Complete the next cell to create a simple chain that takes the name of a country as input and outputs its capital. To accomplish this, you should utilize the `HumanMessagePromptTemplate` and `AIMessagePromptTemplate` classes to formulate an effective prompt.

In [None]:
from langchain_core.prompts import ChatPromptTemplate, HumanMessagePromptTemplate, AIMessagePromptTemplate
from langchain_core.output_parsers import StrOutputParser

prompt = ChatPromptTemplate.from_messages([
  HumanMessagePromptTemplate.from_template("What is the capital of {country}?"),
  AIMessagePromptTemplate.from_template("The capital of {country} is ")
])

output_parser = StrOutputParser()

simple_chain = prompt | model | output_parser

answer = simple_chain.invoke({"country": "Iran"})

print(answer)


Tehran.


Write about the objectives behind the creation of `HumanMessagePromptTemplate` and `AIMessagePromptTemplate` classes.

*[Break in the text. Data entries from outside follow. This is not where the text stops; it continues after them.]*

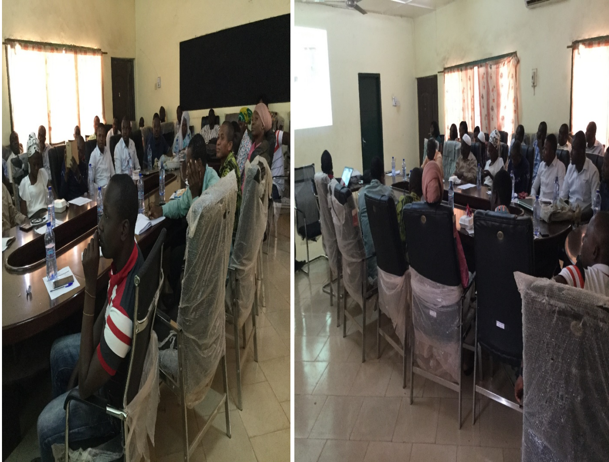
Figure 5: A section of participants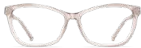
8500 crystal taupe

Model T061 Sizes 53/14/135 56/14/135 Material naturalPX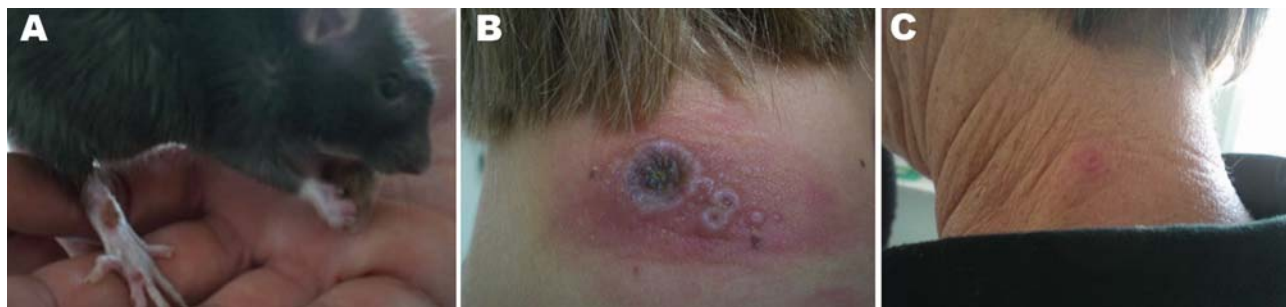
Figure 1. Cowpox lesions on rats and humans during an outbreak in Germany, 2009. A) Rat named Shiva (strain named after this rat) with lesions on the right hind limb; it died 1 day later. B) Neck lesions of a girl without previous vaccinia virus (VV) vaccination. C) Neck lesion of the girl's grandmother with a history of VV vaccination. Photographs taken by authors 13 days after purchase of the rats. Patient is the grandmother (patient no. 4); rat is rat no. 2.

4 rats before purchasing another rat from the infected litter. After 35 days, skin lesions developed in all of her rats, including the initially asymptomatic index rat. All were euthanized due to clinical suspicion of OPV. Fortunately, the kidney transplant patient without previous VV vaccination did not develop signs or symptoms suggestive of CPXV infection. Nevertheless, we collected a blood sample and swabs from her throat and a recent rat-bite finger wound.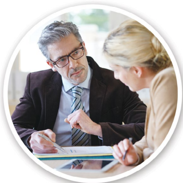
BOTOX® Patient Flow Assessments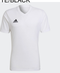
ADIDAS # HC5071 WHITE/BLACK

ENTRADA 22 V-NECK: A regular fit. Adidas logo. Athletic look. Crewneck. Short sleeve. Regular fit.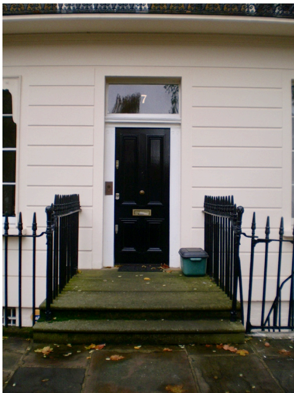
No. 7 Four-panelled door with ogee bolection mouldings - High Significance. Steps and landing reconstructed in Portland (?) stone - Low Significance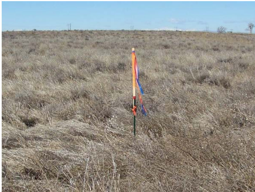
CROISSANT 24-3 SE1/4 SW1/4 SEC. 3 T4N R63W Looking WEST FEBRUARY 11, 2010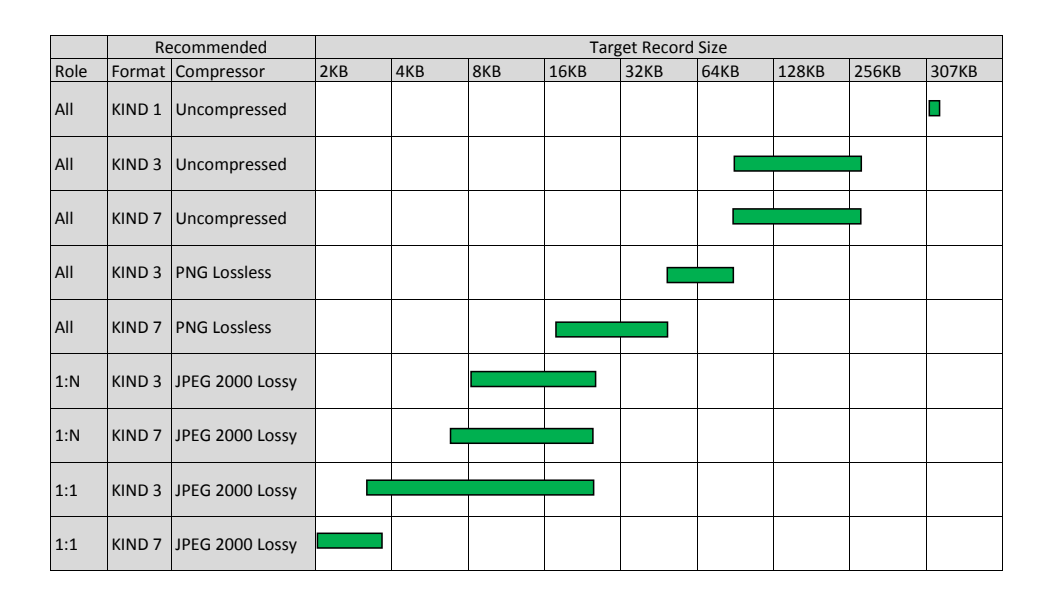
Figure 1: Application-specific recommendations on compression and format. The horizontal axis shows target file size in kilobytes on a logarithmic scale.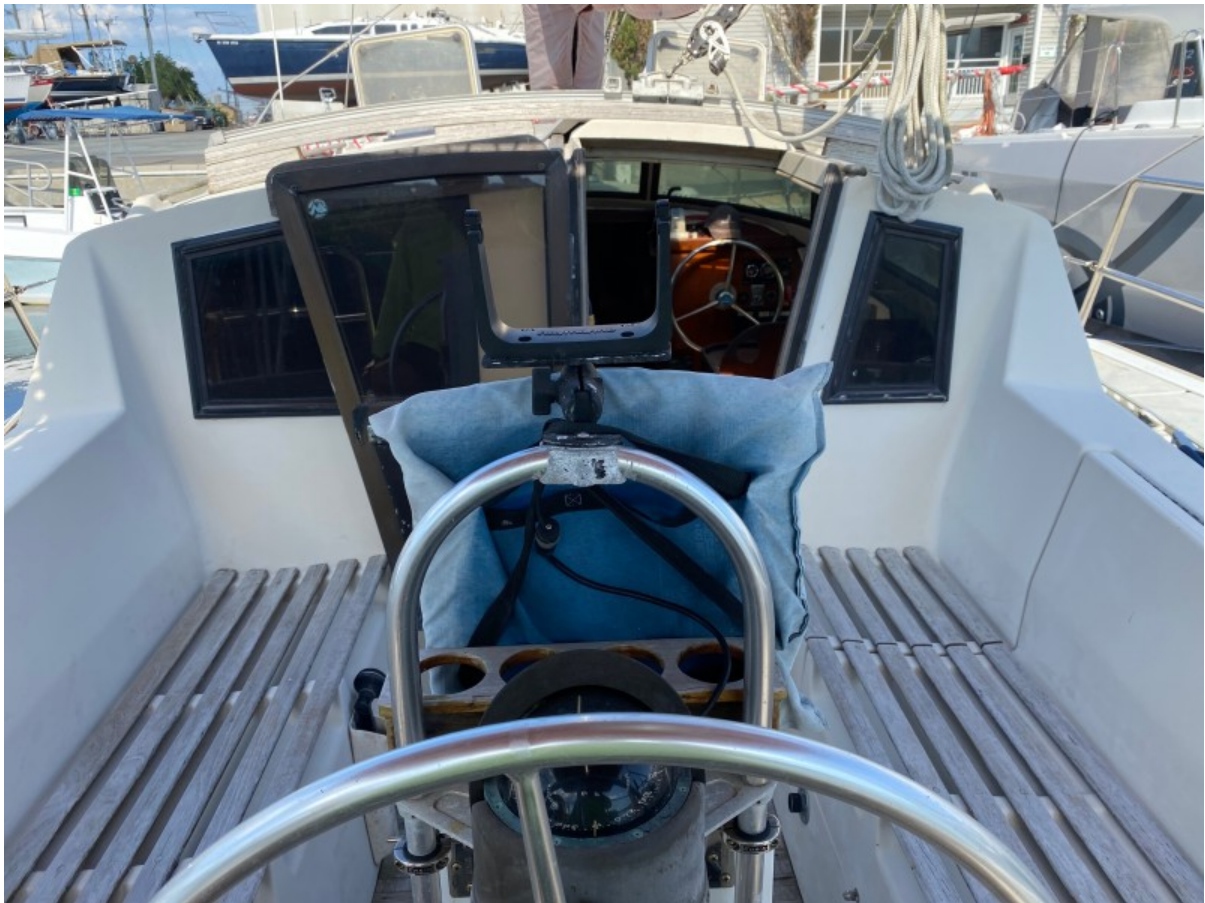
03 Cockpit Fwd

What they actually do? Write a brief description.

**`HumanMessagePromptTemplate:`**
- This is a message sent from the user.

- Create a new model by parsing and validating input data from keyword arguments.

- Raises ValidationError if the input data cannot be parsed to form a valid model.

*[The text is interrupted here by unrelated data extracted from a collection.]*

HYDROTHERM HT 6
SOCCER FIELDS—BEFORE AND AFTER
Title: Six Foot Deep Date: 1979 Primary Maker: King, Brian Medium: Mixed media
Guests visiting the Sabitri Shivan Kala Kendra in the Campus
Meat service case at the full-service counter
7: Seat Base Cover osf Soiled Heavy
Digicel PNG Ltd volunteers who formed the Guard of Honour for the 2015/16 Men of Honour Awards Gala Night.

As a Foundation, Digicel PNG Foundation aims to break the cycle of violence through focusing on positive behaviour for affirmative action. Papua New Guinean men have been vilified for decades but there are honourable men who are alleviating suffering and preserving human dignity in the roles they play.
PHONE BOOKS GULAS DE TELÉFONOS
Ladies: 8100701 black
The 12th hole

- The objective behind the creation of the `HumanMessagePromptTemplate` class is to provide a template for crafting messages that simulate human input or conversation in the prompt.

**`AIMessagePromptTemplate`**:
- This is a message sent from the AI.

- Like `HumanMessagePromptTemplate` creates model and validates data

- The `AIMessagePromptTemplate` class aims to provide a template for generating AI-generated messages that provide context or guide the model in generating responses.

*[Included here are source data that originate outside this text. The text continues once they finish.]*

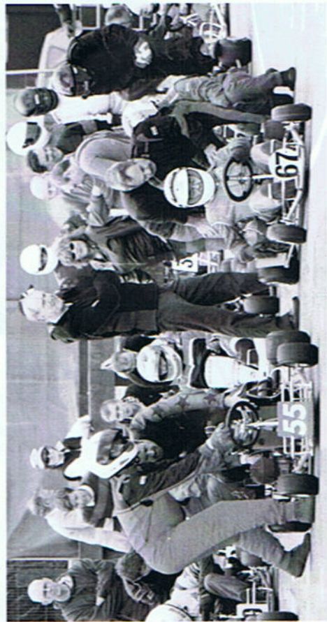
Classic class ones.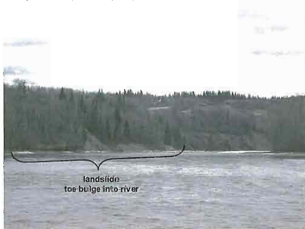
landslide toe bulge into river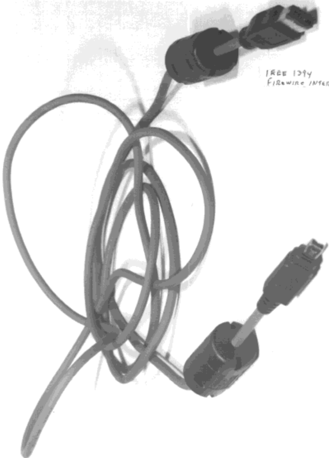
DV Interface Cable

EXHIBIT # _____ FIG NO. _____ FCC ID: AGT5240033 MODEL NO. PV-DV910D OUR REF: MKS98-7010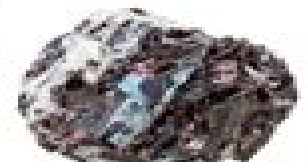
kyanite, biotite, tourmaline on gneiss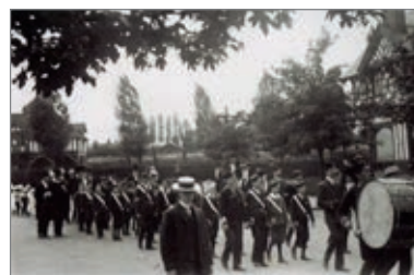
1st Port Sunlight lead a village occasion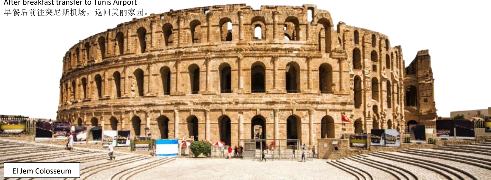
El Jem Colosseum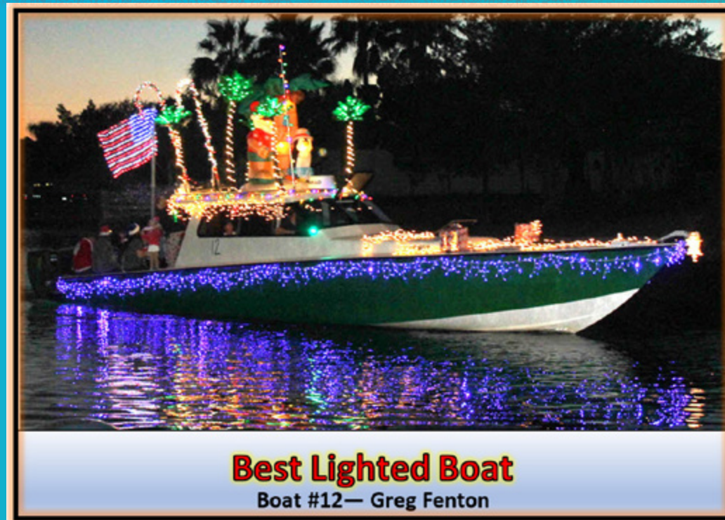
Best Lighted Boat Boat #12— Greg Fenton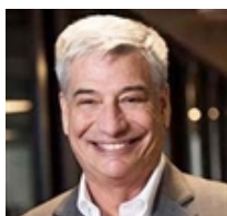
Bret Waters Startup Accelerator 4thly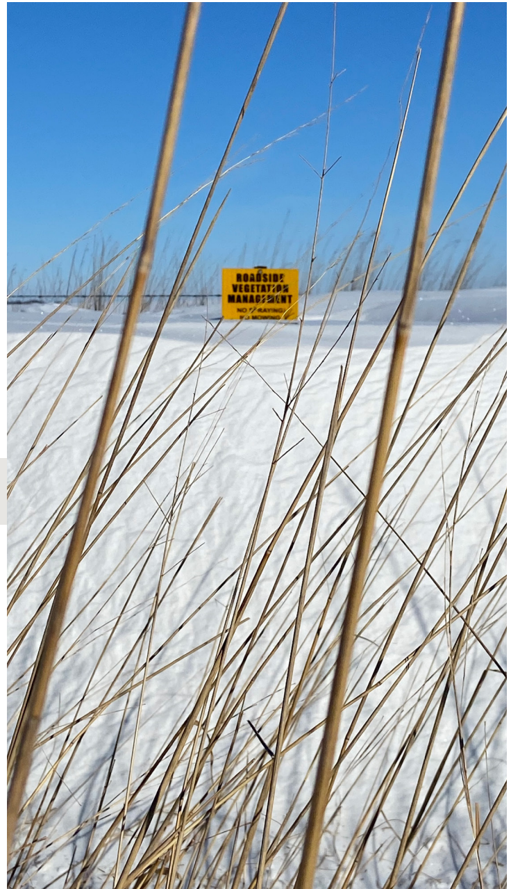
Roadside prairie grasses retaining snow. Prairie grasses are better able to retain snow under certain topographical and weather conditions.

To learn more about native seed, attend our annual roadside conference, or obtain example job descriptions and interview questions for a roadside manager, contact IRM program manager Kristine Nemec at kristine.nemec@uni.edu or 319-273-2813.

What is the purpose of adding an empty `AIMessagePromptTemplate` at the end of prompt? What is the consequences of omitting it?

The purpose of adding an empty `AIMessagePromptTemplate` at the end of the prompt is to ensure that the model generates a response even if the user's input is not directly followed by an AI-generated message. Let's explain this in more details:

**Purpose of Empty AIMessagePromptTemplate**:
   - When constructing a chat prompt, we alternate between human-generated and AI-generated messages.
   - By including an empty `AIMessagePromptTemplate`, we maintain this alternating pattern, ensuring that the model always has a chance to generate a response.
   - Without it, the last human-generated message would be the final input, and the model might not produce any output.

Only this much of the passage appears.